Ingrid Bergman naît quant à elle le 29 août, mais une autre grande figure du cinéma partage cette date de juillet : le réalisateur Ingmar Bergman n’y est pas né non plus, contrairement à une confusion fréquente chez les cinéphiles pressés.
Marie-Thérèse d’Autriche, future reine de France par son mariage avec Louis XIV, voit le jour un 14 juillet 1638… l’histoire n’a décidément pas fini de faire coïncider les dates avec l’ironie du calendrier.
L’anecdote insolite : un tableau détruit par erreur
En marge des grandes commémorations, une anecdote méconnue circule chez les historiens de l’art. Lors de travaux de restauration liés aux célébrations du bicentenaire de la Révolution en 1989, plusieurs objets liés à la prise de la Bastille ont été redécouverts dans des réserves poussiéreuses de musées parisiens.
Parmi eux, des clés de la forteresse elle-même, distribuées comme trophées après sa chute. Une clé de la Bastille est d’ailleurs toujours conservée aujourd’hui à Mount Vernon, la demeure de George Washington aux États-Unis, offerte par La Fayette en personne.
Un symbole de liberté française qui a traversé l’Atlantique pour finir dans le jardin d’un président américain, preuve que même les pierres d’une prison détruite peuvent voyager plus loin que prévu.
Une date qui continue de s’écrire chaque année
Du sang versé en 1789 à celui versé à Nice en 2016, en passant par un roi marocain qui a frôlé la mort, le 14 juillet condense joie collective et tragédies profondes en une seule case du calendrier.

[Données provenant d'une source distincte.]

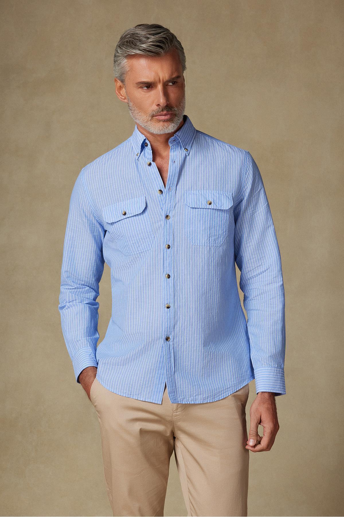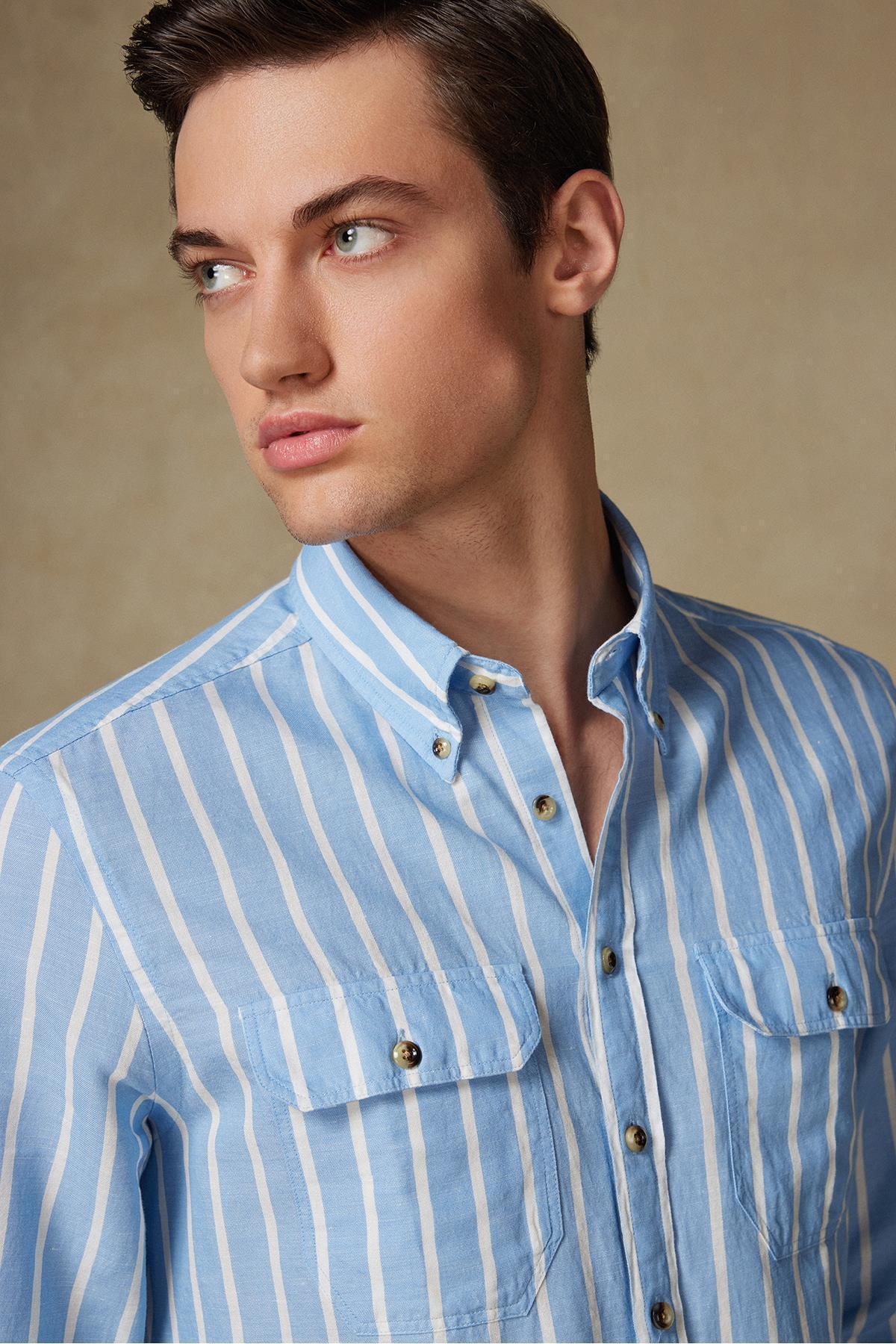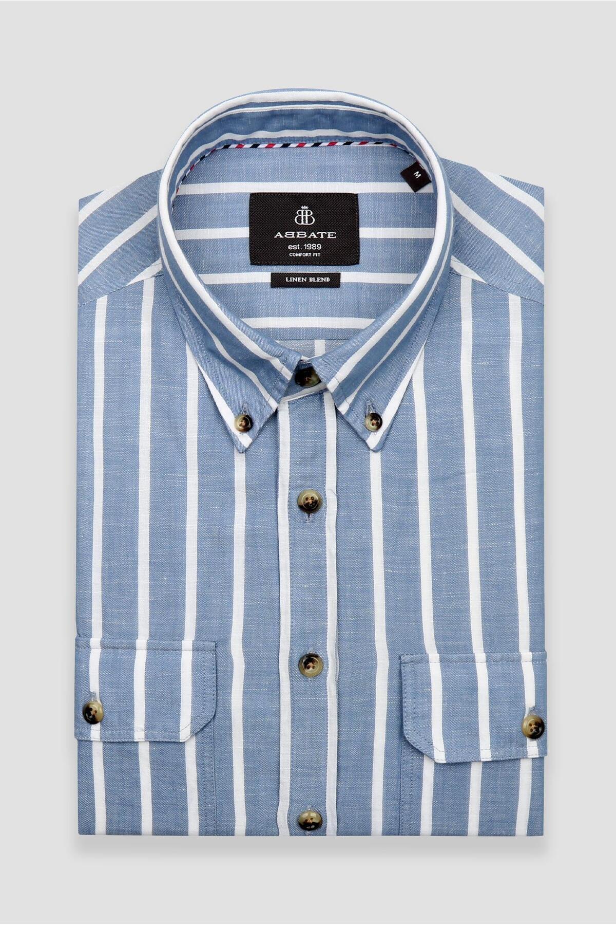 Alba Keten Pamuk Keten Karışımlı Comfort Fit Koyu Mavi Düğmeli Yaka Erkek Çizgili Gömlek Alba Keten Pamuk Keten Karışımlı Comfort Fit Koyu Mavi Düğmeli Yaka Erkek Çizgili Gömlek AMSH10052-001 3XL
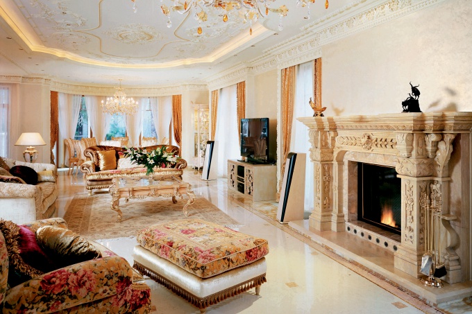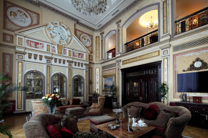 Создавая дворцовый стиль в интерьере гостиной, можно использовать только натуральные, дорогостоящие материалы, эксклюзивные предметы интерьера. Отделкой стенных поверхностей способны служить деревянные панели, ткани, гобелены. Придать изысканность интерьеру помогут лепные украшения, фрески, позолота. Особым шиком отличаются помещения, декорированные колоннами, пилястрами.
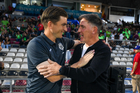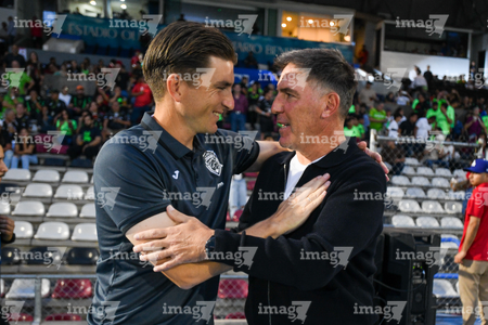 Ciudad Juárez, Chihuahua, 26 de septiembre de 2025. Martín Varini y Eduardo Berizzo, durante el partido correspondiente a la jornada 11 del torneo Apertura 2025 de la Liga BBVA MX, entre los Bravos de FC Juárez y los Esmeraldas del León, realizado en realizado en el estadio Olímpico Benito Juárez. Foto: Imago7/Alejandro Rodríguez

Cette année encore, entre le QR code désormais obligatoire pour assister au défilé et les préparatifs annoncés par l’Élysée, la fête nationale continue de se réinventer sans jamais oublier son histoire.
Une chose est sûre : la prochaine fois que tu verras exploser un feu d’artifice le 14 juillet, tu sauras qu’il ne fête pas seulement une prison presque vide, mais 235 ans d’une histoire bien plus complexe qu’il n’y paraît.